Without considering the matter of differences of opinion between the various schools, concerning the nature and constitution of the soul, we may say that all the schools practically agree that the constitution of Man is a complex thing, comprising a number of sheaths, bodies, coverings, or elements, from the grosser to the more spiritual, the various sheaths being discarded as the soul advances on its way toward perfection. There are disputes between the various schools regarding terminology and the precise arrangement of these "principles," but the following classification will answer for the purpose of giving a general idea of the Hindu views on the subject, subject always to the conflicting claims of the various schools. The classification is as follows, passing from lower to higher:

1. Physical or material body, or Rupa. 2. Vitality of Vital Force, or Prana-Jiva. 3. Astral Body, Etheric Double, or Linga Sharira. 4. Animal Soul, or Kama Rupa. 5. Human Soul, or Manas. 6. Spiritual Soul, or Buddhi. 7. Divine Spirit, or Atma.
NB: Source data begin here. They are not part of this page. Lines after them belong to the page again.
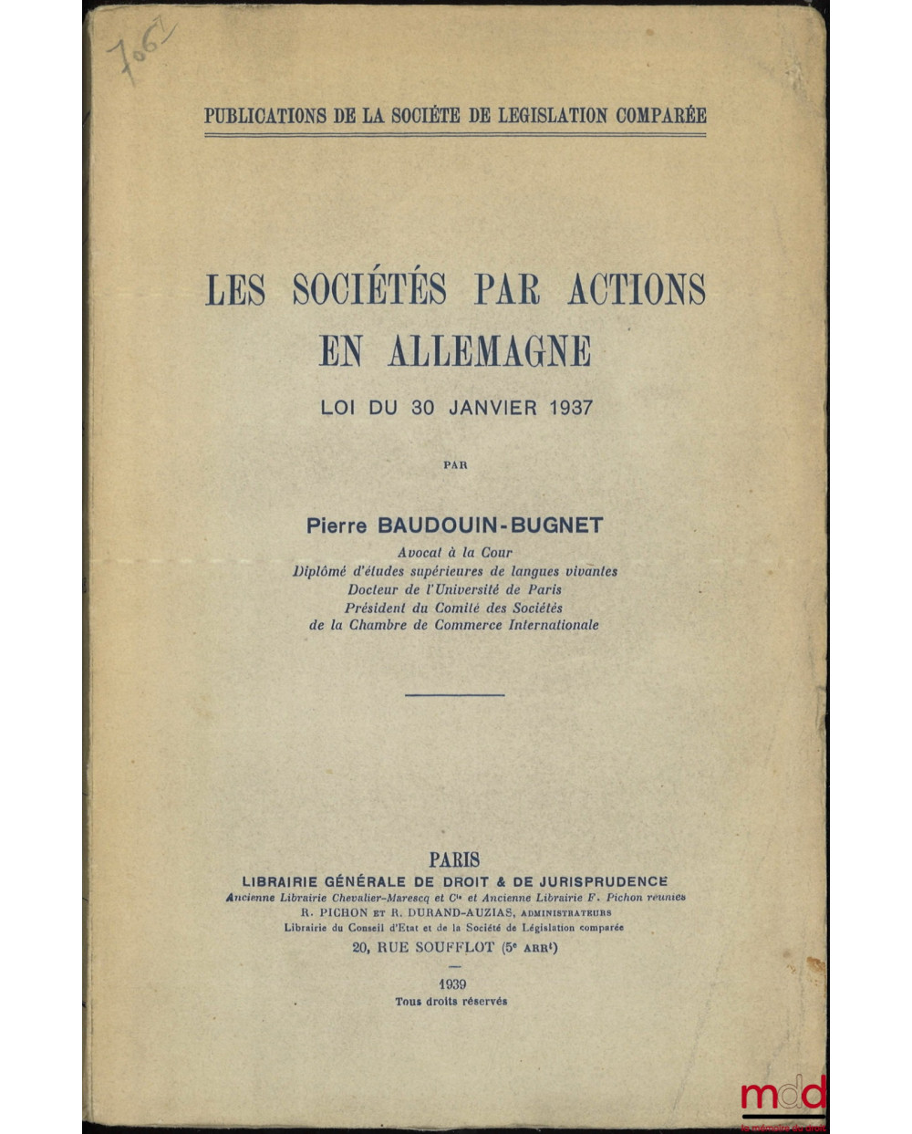 LES SOCIÉTÉS PAR ACTIONS EN ALLEMAGNE, LOI DU 30 JANVIER 1937
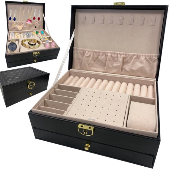 Szkatułka kuferek organizer na biżuterię zamykany na klucz - czarna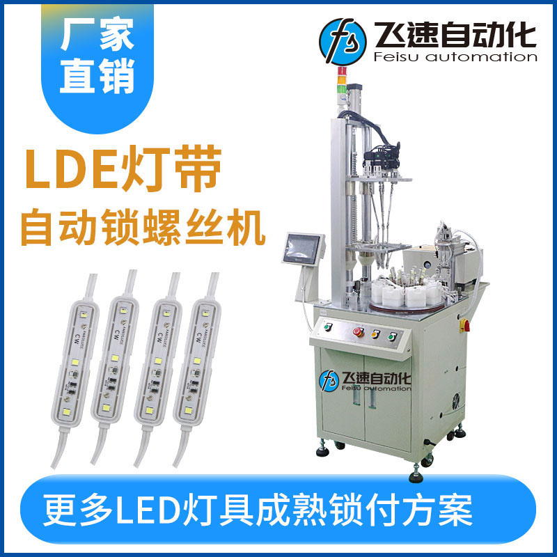 led燈帶是指把LED組裝在帶狀的柔性線路板或PCB硬板上,產(chǎn)品形狀象一條帶子又非常節(jié)能和綠色環(huán)保,用于各個行業(yè)中的裝飾,LED燈帶的使用也越來越普及,也因為使用壽命長(一般正常壽命在8~10萬小時),所以在市場上需求也比較大。 LED燈帶是采用FPC做組裝線路板,生產(chǎn)組裝過程中都需要對燈具貼片和各個工件進(jìn)行螺絲緊鎖加工,在傳統(tǒng)的生產(chǎn)線上,技術(shù)工人需要對不同型號的燈具體分別進(jìn)行螺絲鎖緊加工操作,雖然也應(yīng)用了自動機器人之類的自動設(shè)備,但是傳統(tǒng)生產(chǎn)線的自動化水平還比較低,不能適用于不同型號的燈具加工,設(shè)備的自動化水平還需提高。 本案例應(yīng)用于LED燈帶自動化生產(chǎn)線的自動鎖螺絲機,主要目的在于解決生產(chǎn)中的不足和缺點,設(shè)計一臺自動化燈具生產(chǎn)螺絲設(shè)備,它不僅可以對燈具進(jìn)行自動化地組裝、鎖緊加工操作,而且可以適用于不同型號、規(guī)格、大小的燈具體,設(shè)備的自動化水平比較高。 該設(shè)備根據(jù)產(chǎn)品進(jìn)行設(shè)計多工位轉(zhuǎn)盤式螺絲機,通過在轉(zhuǎn)盤式安放多個工位實現(xiàn)多工序同步作業(yè),主要是為了實現(xiàn)擰螺絲和取放產(chǎn)品同步完成,作業(yè)員不停放置產(chǎn)品,設(shè)備不停擰螺絲,增強了人機協(xié)作,較大幅度提升效率,減輕人工勞動強度。
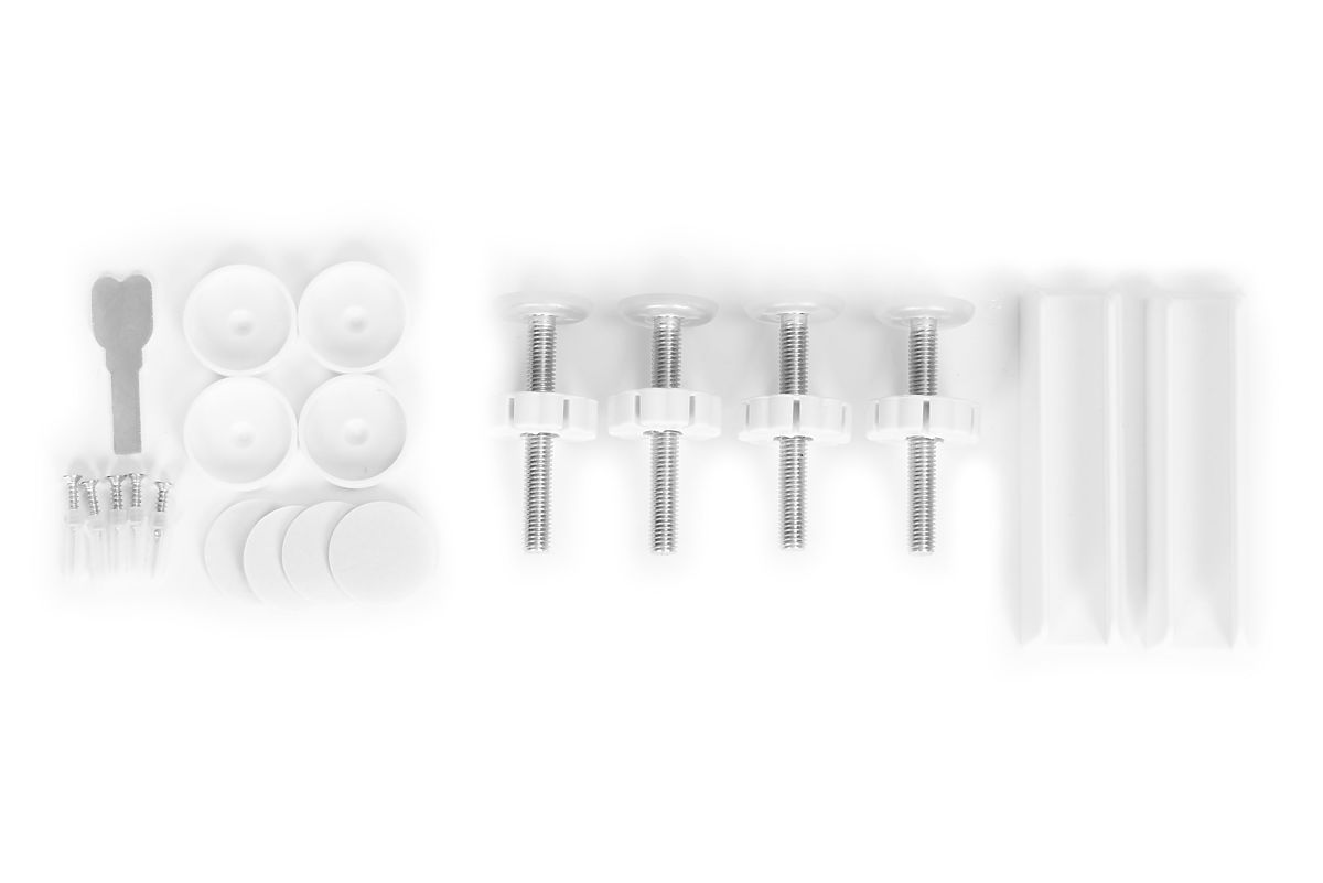 Cependant, si vous considérez que l'emplacement nécessite une fixation permanente, vous pouvez utiliser les coussinets profilés spéciaux avec un petit trou au centre. En les fixant au mur (vis incluses) à l'endroit désigné, vous pouvez insérer les vis qui fixeront la barrière selon le principe de l'expansion de toute la structure.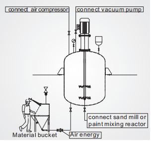 Open the discharge pneumatic valve of weighing tank and feeding pneumatic valve of production tank , open the vacuum valve at the same time, and inhale the already weighed emulsion into the production tank by vacuum.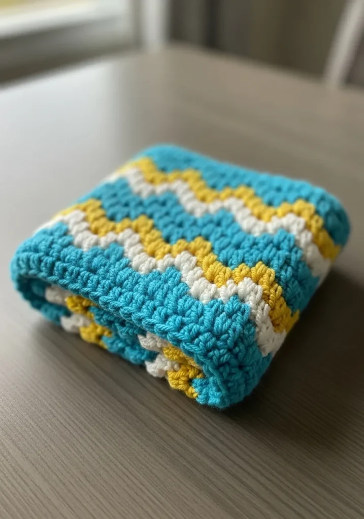 The final piece in the collection is a beautifully folded baby blanket that brings together several skills learned in previous projects. It features a rhythmic ripple or chevron pattern with alternating rows of serene turquoise, sunny yellow, and crisp white yarn. The blanket is worked in a medium-weight, soft-textured yarn that gives it a lovely drape and a plush feel, making it perfect for a nursery. The stitches are uniform and dense, ensuring the blanket is as durable as it is decorative, with the zigzag edges providing a classic, timeless look.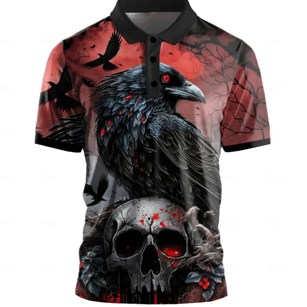 Day of the Dead Men’s Skull Golf Shirt Short Sleeve Polo Shirts Collared Shirts Casual Horror Streetwear Festival Wear Party Outfits 3D Print Buttons Summer Black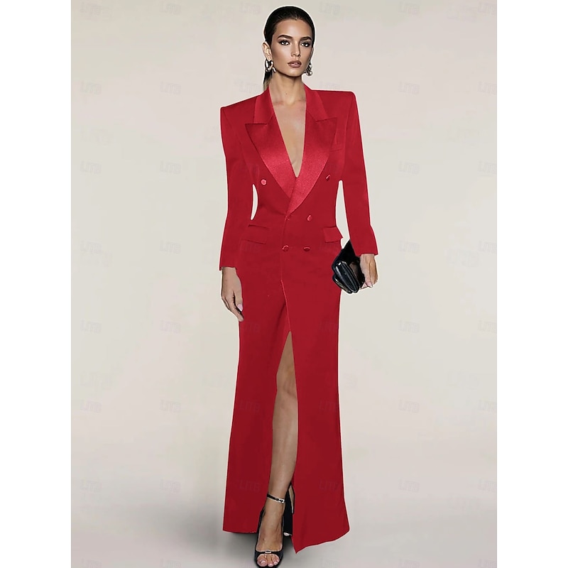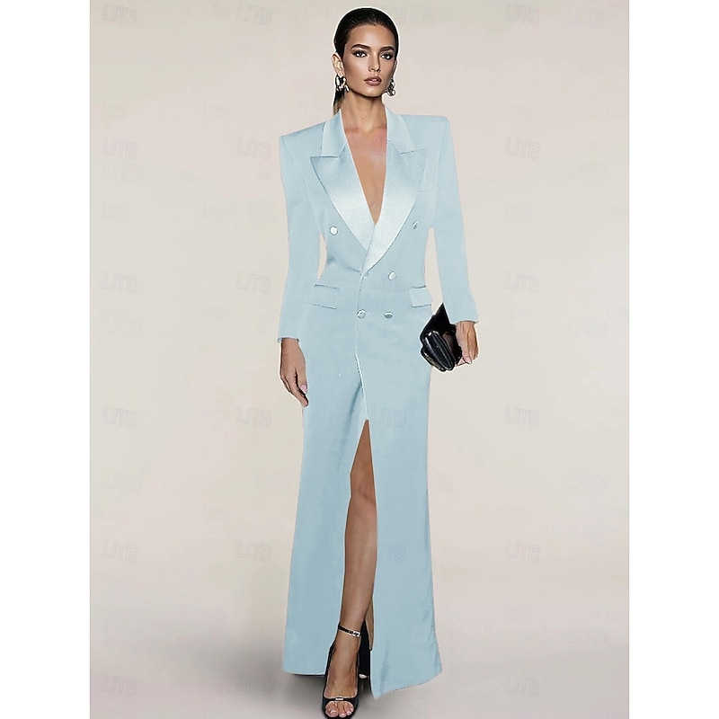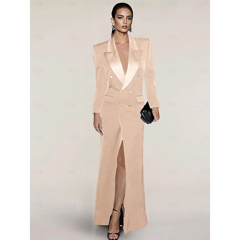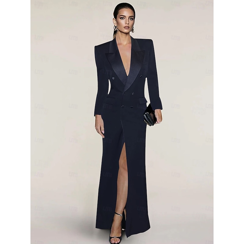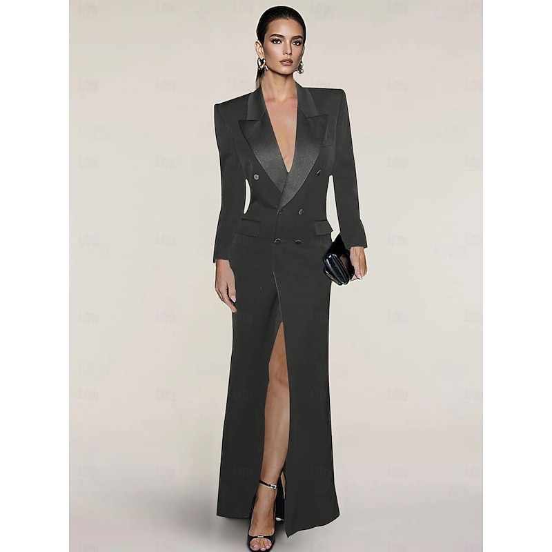 More information about Tuxedo Dress Mermaid / Trumpet Mermaid Wedding Guest Satin Elegant Long Sleeve Floor Length Split Thigh Notch lapel collar Double Breasted

From the beginning, the tendency of the Hindu mind was in the direction of resolving the universe of forms, shapes, and change, back into some One Underlying Principle, from which all the phenomenal world emerged—some One Infinite Energy, from which all else emerged, emanated, or evolved. And the early Hindu mind busied itself actively with the solution of the problem of this One Being manifesting a Becoming into Many. Just as is the Western world of today actively engaged in solving many material problems, so was ancient India active in solving many spiritual problems—just as the modern West is straining every energy toward discovering the "How," so was ancient India straining every effort to discovering the "Why." And from that struggle of the mind of India there arose countless schools of religious and philosophical thought, many of which have passed away, but many of which persist today. The problem of the relationship of the human soul to the One Being, and the secondary problem of the life, present and future, of the individual soul, is a most vital one to all thinking Hindus today as in the forty centuries or more of its philosophical history. To the Hindu mind, all material research is of minor importance, the important Truth being to discover that "which when once known, all else is understood." But, as we have said, in spite of the numerous religions, schools, and phases of teaching, among the Hindus, the one fundamental conception of Reincarnation is never lost sight of, nor is it ever doubted in any of the forms of the philosophies or religions.

Ignoring the subdivisions of Hindu philosophical thought, we may say that the Hindu philosophies may be divided into a few general classes, several of which we shall now hastily consider, that you may get a glimpse at the variety of Hindu speculative philosophy in its relation to the soul and its destiny. You will, of course, understand that we can do no more than mention the leading features of each class, as a careful consideration would require volumes for each particular school.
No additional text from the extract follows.